Nothing but the pictures is dropped; write out all the remaining data below exactly.

(Data excerpts)
______________________________
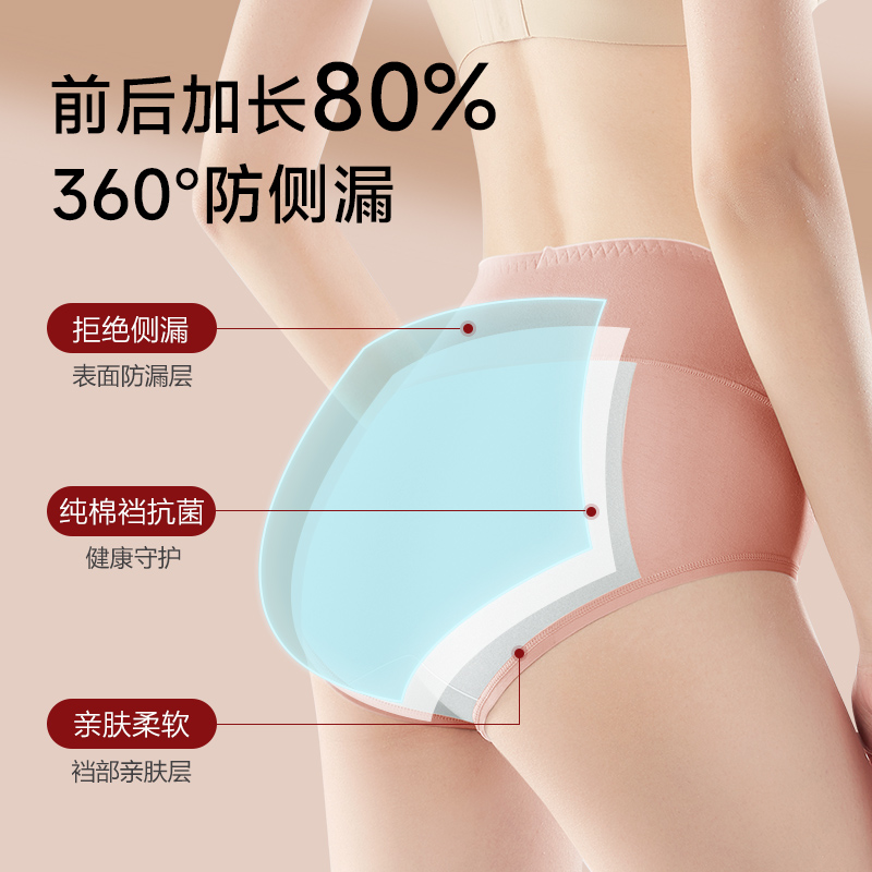 姨妈裤 纯棉抗菌月经期安全裤 专用裆部抑菌 加长女内裤 防漏生理裤
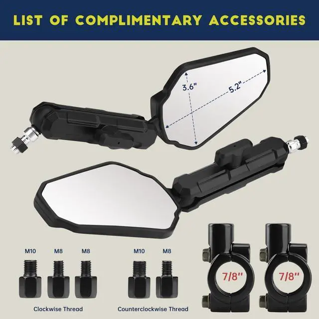 The mirror is made of aluminum link mirror rod, high impact resistant ABS mirror shell, convex HD anti-burst glass, well-made and durable.
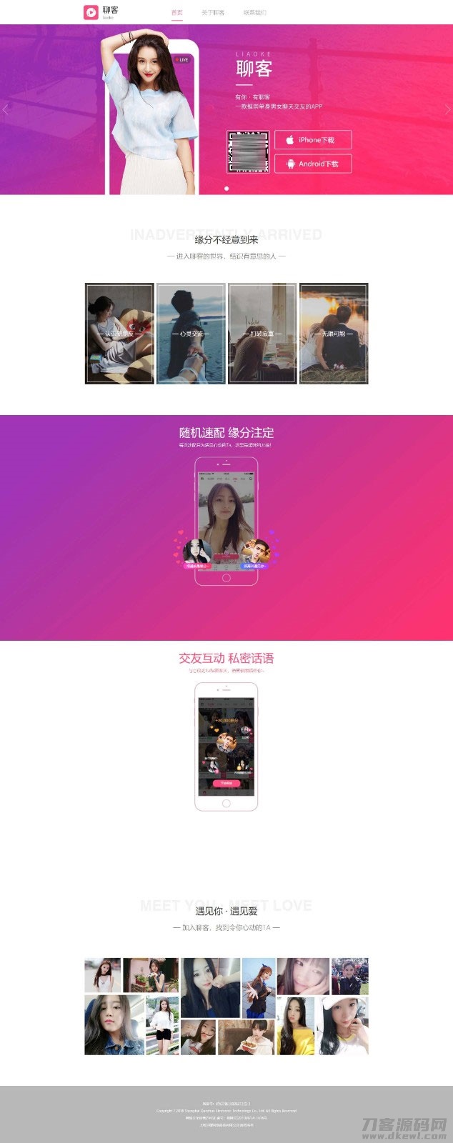 聊天交友短视频直播手机app应用下载落地页HTML源码,稍改一下上传服务器或虚拟主机即可使用
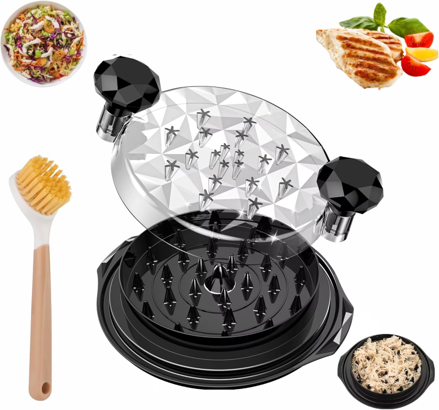 I recently got my hands on this fantastic meat shredder, and itâs quickly become one of my favorite kitchen tools! The 10-inch base is a game-changerâunlike smaller shredders, this one lets me tackle a big batch of cooked meat all at once. I just pop in some chicken breast, lock the lid, and give it a twist. In seconds, Iâve got perfectly shredded meat ready for tacos, salads, or whatever Iâm craving. Itâs so fast and efficient that itâs cut my meal prep time way down.Cleanup is a breeze, which is a huge plus for me. Itâs made from BPA-free, food-safe plastic and is dishwasher-safe (top rack), but it also comes with a sturdy bristled brush for hand washing if I need it done quick. Honestly, itâs one of those healthy eating tools that makes cooking feel less like a chore. The diamond-shaped handles are another standout featureâthey give me a solid, comfortable grip, and the lid locks on tight with even pressure, so everything stays secure while I twist.This shredder isnât just for chicken either. Iâve used it for pulled pork, beef, and even veggies like lettuce for saladsâitâs super versatile. Whether Iâm prepping meals for the week, sticking to my fitness diet, or even making some homemade pet food, this gadget delivers. Plus, the upgraded 3M adhesive anti-slip strips keep it rock steady on my counter, so thereâs no slipping or mess to deal with.If youâre looking for a reliable, easy-to-use kitchen gadget that makes shredding fun and fast, this is it. Itâs one of those cool tools that actually lives up to the hypeâhighly recommend!
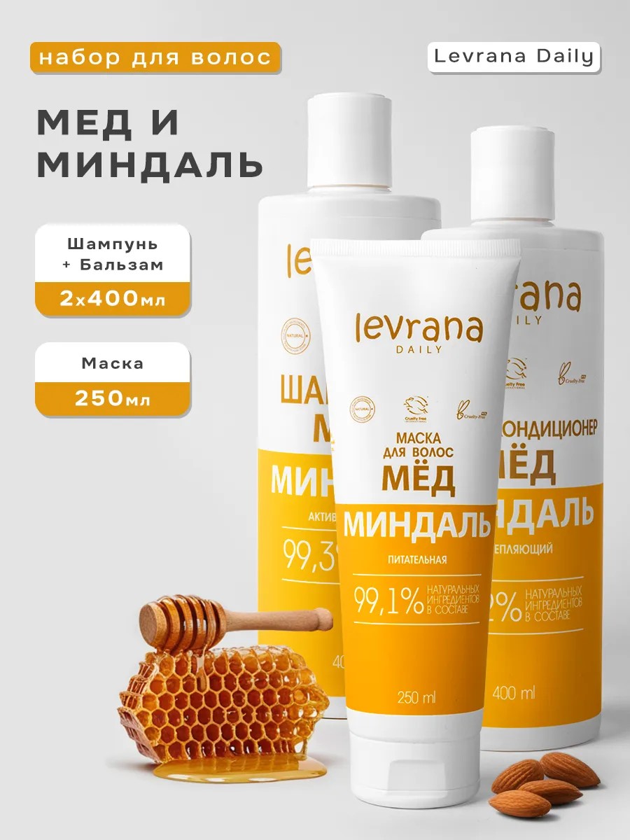 Косметический набор Levrana Daily для укрепления и роста волос Мед и миндаль – профессиональный уход за волосами у вас дома, состоящий из шампуня, бальзама и маски. Натуральный шампунь на основе растительных ингредиентов и мягкого ПАВ. Бережно очищает волосы, делая их сильными, шелковистыми и густыми. Мед укрепляет луковицы, уменьшает выпадение и стимулирует рост волос. Миндальное масло придает волосам энергию и жизненную силу, питает волосы, повышает их эластичность. Бетаин и инулин увлажняют, разглаживают волосы, облегчают расчесывание. Экстракт черного перца тонизирует кожу головы, укрепляет волосы. Экстракт крапивы придает блеск волосам, предотвращает появление перхоти. Экстракт овса восстанавливает поврежденные волосы, насыщает их питательными веществами. Натуральный бальзам-кондиционер Мед и миндаль облегчает расчесывание волос, защищает от негативного воздействия окружающей среды, повышает их прочность и эластичность. Масло кокоса увлажняет и питает волосы. Витамин Е ‒ сильнейший антиоксидант. Он нейтрализует свободные радикалы, повреждающие волосяные фолликулы, что способствует прекращению выпадения волос и поддержанию их здоровья. Питательная натуральная маска для волос питает и насыщает волосы полезными веществами. Масло миндаля насыщает волосы витаминами, питает по всей длине, помогая избежать пересушивания и сечения. Протеины сои восстанавливают волосы изнутри, заполняя пустоты в структуре волос, а также оберегают их от агрессивного воздействия окружающей среды. Не содержат SLS, силиконов и парабенов. Для всех типов волос. Набор для волос Укрепление и питание с маслом миндаля и медом подходит для всех и способен разбудить даже самые безжизненные локоны, восстанавливая и укрепляя волосы, придавая им здоровый и сияющий вид.
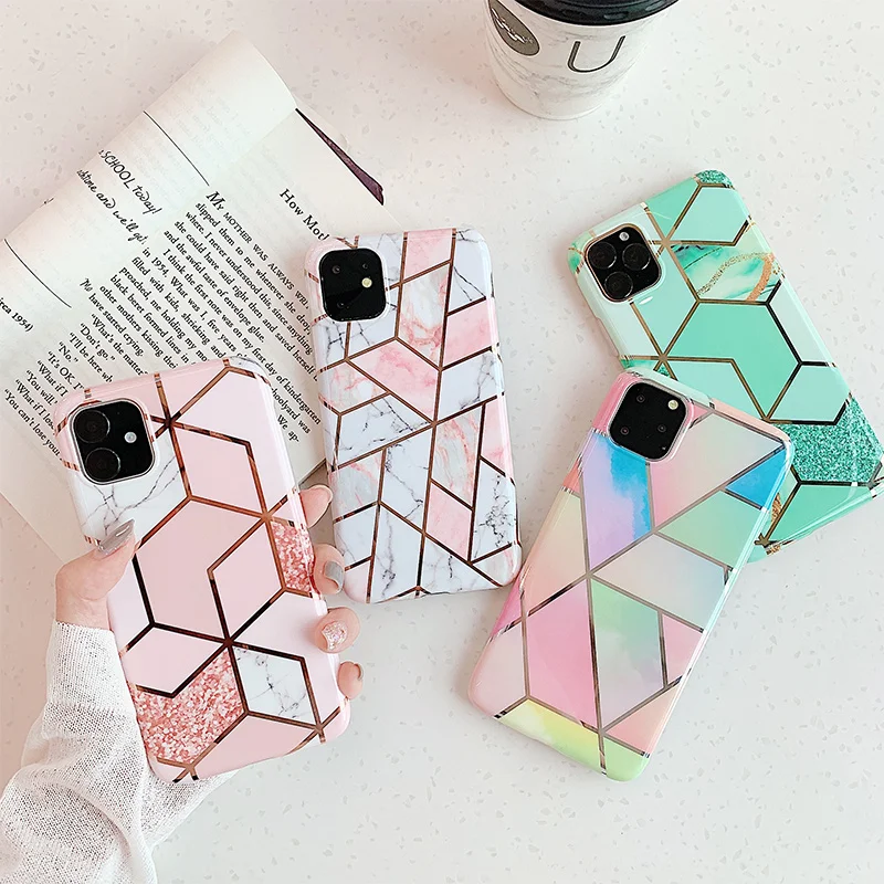 lower price Geometric Marble Case for IPhone 11 Pro Max Phone Case Silicone Soft Luxury Cover for IPhone XR XS
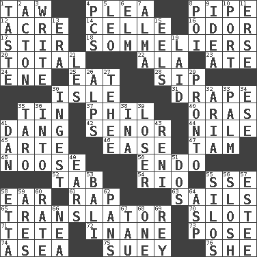 ACROSS 1. The 23rd letter of the Hebrew alphabet 4. Entreaty 8. Corncob 12. 43,560 square feet 14. Cell (Danish) 16. Aroma 17. Commotion 18. Wine waiters 20. "_____ Recall" 22. Wing 23. Had dinner 24. Compass dir. 25. Consume 28. Small drink 30. Small island 31. Window treatment 35. Shallow baking pan 37. Silvers or Donahue 40. Mouths or openings 41. Mild oath, euphamism for damn 42. Sir (Sp.) 44. Mediterranean tributary 45. Johnson of "Laugh-In" 46. Relaxation 47. Scottish cap 48. Trap for birds or small mammals 50. Inside; within (prefix) 52. Bar bill 54. _ de Janeiro 55. Compass dir. 58. Hearing organ 61. Strike 63. Travels by water 65. Interpreter 70. Narrow opening 71. False hair 72. Silly 73. Airs 74. At sea 75. Chop _ 76. A female animal or person DOWN 1. Clothes sense 2. 13-14th century defensive garment 3. Compose 4. Personal Computers (abbr.) 5. Lion 6. Shade tree 7. _ mater 8. Luau course 9. The content of cognition 10. Sweet dark-red dessert wine 11. Celtic language 13. Period 15. Snakelike fish 19. Put down 21. French article 26. High mountains 27. Giggle 29. Right away 30. Swallow 32. Roberta Peters solo 33. Inside of hand 34. Compass dir. 35. Pacific island yam 36. To the inside or interior of 38. _ tizzy (2 wds.) 39. Failure 41. Daniel's nick name 43. Painter Guido (1575-1642) 49. Hearing organs 51. Two (Sp.) 53. Indonesian resort city 55. Grain storage towers 56. Make a splashing sound 57. First name in cosmetics 58. Singer James 59. Ancient Greek god of war 60. Pace 62. Baking dishes 64. Cleo's killer 66. Teachers' org. 67. The 19th letter of the Greek alphabet 68. Single 69. Marina Del _, California
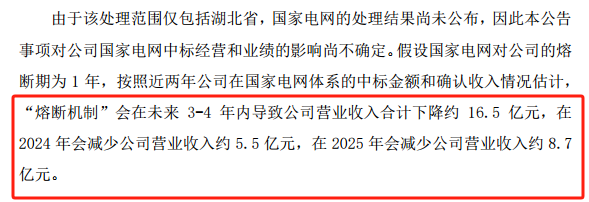 青岛证监局指出,“熔断机制”对鼎信通讯的中标金额产生重大影响。鼎信通讯在国家电网的中标产品金额,占其营业收入比重较高,构成其生产经营的外部条件发生重大变化,属于《证券法》第八十条第二款第六项规定的重大事件。
______________________________
* SOLUTION *
 姨妈裤 纯棉抗菌月经期安全裤 专用裆部抑菌 加长女内裤 防漏生理裤
 The mirror is made of aluminum link mirror rod, high impact resistant ABS mirror shell, convex HD anti-burst glass, well-made and durable.
 聊天交友短视频直播手机app应用下载落地页HTML源码,稍改一下上传服务器或虚拟主机即可使用
 I recently got my hands on this fantastic meat shredder, and itâs quickly become one of my favorite kitchen tools! The 10-inch base is a game-changerâunlike smaller shredders, this one lets me tackle a big batch of cooked meat all at once. I just pop in some chicken breast, lock the lid, and give it a twist. In seconds, Iâve got perfectly shredded meat ready for tacos, salads, or whatever Iâm craving. Itâs so fast and efficient that itâs cut my meal prep time way down.Cleanup is a breeze, which is a huge plus for me. Itâs made from BPA-free, food-safe plastic and is dishwasher-safe (top rack), but it also comes with a sturdy bristled brush for hand washing if I need it done quick. Honestly, itâs one of those healthy eating tools that makes cooking feel less like a chore. The diamond-shaped handles are another standout featureâthey give me a solid, comfortable grip, and the lid locks on tight with even pressure, so everything stays secure while I twist.This shredder isnât just for chicken either. Iâve used it for pulled pork, beef, and even veggies like lettuce for saladsâitâs super versatile. Whether Iâm prepping meals for the week, sticking to my fitness diet, or even making some homemade pet food, this gadget delivers. Plus, the upgraded 3M adhesive anti-slip strips keep it rock steady on my counter, so thereâs no slipping or mess to deal with.If youâre looking for a reliable, easy-to-use kitchen gadget that makes shredding fun and fast, this is it. Itâs one of those cool tools that actually lives up to the hypeâhighly recommend!
 Косметический набор Levrana Daily для укрепления и роста волос Мед и миндаль – профессиональный уход за волосами у вас дома, состоящий из шампуня, бальзама и маски. Натуральный шампунь на основе растительных ингредиентов и мягкого ПАВ. Бережно очищает волосы, делая их сильными, шелковистыми и густыми. Мед укрепляет луковицы, уменьшает выпадение и стимулирует рост волос. Миндальное масло придает волосам энергию и жизненную силу, питает волосы, повышает их эластичность. Бетаин и инулин увлажняют, разглаживают волосы, облегчают расчесывание. Экстракт черного перца тонизирует кожу головы, укрепляет волосы. Экстракт крапивы придает блеск волосам, предотвращает появление перхоти. Экстракт овса восстанавливает поврежденные волосы, насыщает их питательными веществами. Натуральный бальзам-кондиционер Мед и миндаль облегчает расчесывание волос, защищает от негативного воздействия окружающей среды, повышает их прочность и эластичность. Масло кокоса увлажняет и питает волосы. Витамин Е ‒ сильнейший антиоксидант. Он нейтрализует свободные радикалы, повреждающие волосяные фолликулы, что способствует прекращению выпадения волос и поддержанию их здоровья. Питательная натуральная маска для волос питает и насыщает волосы полезными веществами. Масло миндаля насыщает волосы витаминами, питает по всей длине, помогая избежать пересушивания и сечения. Протеины сои восстанавливают волосы изнутри, заполняя пустоты в структуре волос, а также оберегают их от агрессивного воздействия окружающей среды. Не содержат SLS, силиконов и парабенов. Для всех типов волос. Набор для волос Укрепление и питание с маслом миндаля и медом подходит для всех и способен разбудить даже самые безжизненные локоны, восстанавливая и укрепляя волосы, придавая им здоровый и сияющий вид.
 lower price Geometric Marble Case for IPhone 11 Pro Max Phone Case Silicone Soft Luxury Cover for IPhone XR XS
 ACROSS 1. The 23rd letter of the Hebrew alphabet 4. Entreaty 8. Corncob 12. 43,560 square feet 14. Cell (Danish) 16. Aroma 17. Commotion 18. Wine waiters 20. "_____ Recall" 22. Wing 23. Had dinner 24. Compass dir. 25. Consume 28. Small drink 30. Small island 31. Window treatment 35. Shallow baking pan 37. Silvers or Donahue 40. Mouths or openings 41. Mild oath, euphamism for damn 42. Sir (Sp.) 44. Mediterranean tributary 45. Johnson of "Laugh-In" 46. Relaxation 47. Scottish cap 48. Trap for birds or small mammals 50. Inside; within (prefix) 52. Bar bill 54. _ de Janeiro 55. Compass dir. 58. Hearing organ 61. Strike 63. Travels by water 65. Interpreter 70. Narrow opening 71. False hair 72. Silly 73. Airs 74. At sea 75. Chop _ 76. A female animal or person DOWN 1. Clothes sense 2. 13-14th century defensive garment 3. Compose 4. Personal Computers (abbr.) 5. Lion 6. Shade tree 7. _ mater 8. Luau course 9. The content of cognition 10. Sweet dark-red dessert wine 11. Celtic language 13. Period 15. Snakelike fish 19. Put down 21. French article 26. High mountains 27. Giggle 29. Right away 30. Swallow 32. Roberta Peters solo 33. Inside of hand 34. Compass dir. 35. Pacific island yam 36. To the inside or interior of 38. _ tizzy (2 wds.) 39. Failure 41. Daniel's nick name 43. Painter Guido (1575-1642) 49. Hearing organs 51. Two (Sp.) 53. Indonesian resort city 55. Grain storage towers 56. Make a splashing sound 57. First name in cosmetics 58. Singer James 59. Ancient Greek god of war 60. Pace 62. Baking dishes 64. Cleo's killer 66. Teachers' org. 67. The 19th letter of the Greek alphabet 68. Single 69. Marina Del _, California
 青岛证监局指出,“熔断机制”对鼎信通讯的中标金额产生重大影响。鼎信通讯在国家电网的中标产品金额,占其营业收入比重较高,构成其生产经营的外部条件发生重大变化,属于《证券法》第八十条第二款第六项规定的重大事件。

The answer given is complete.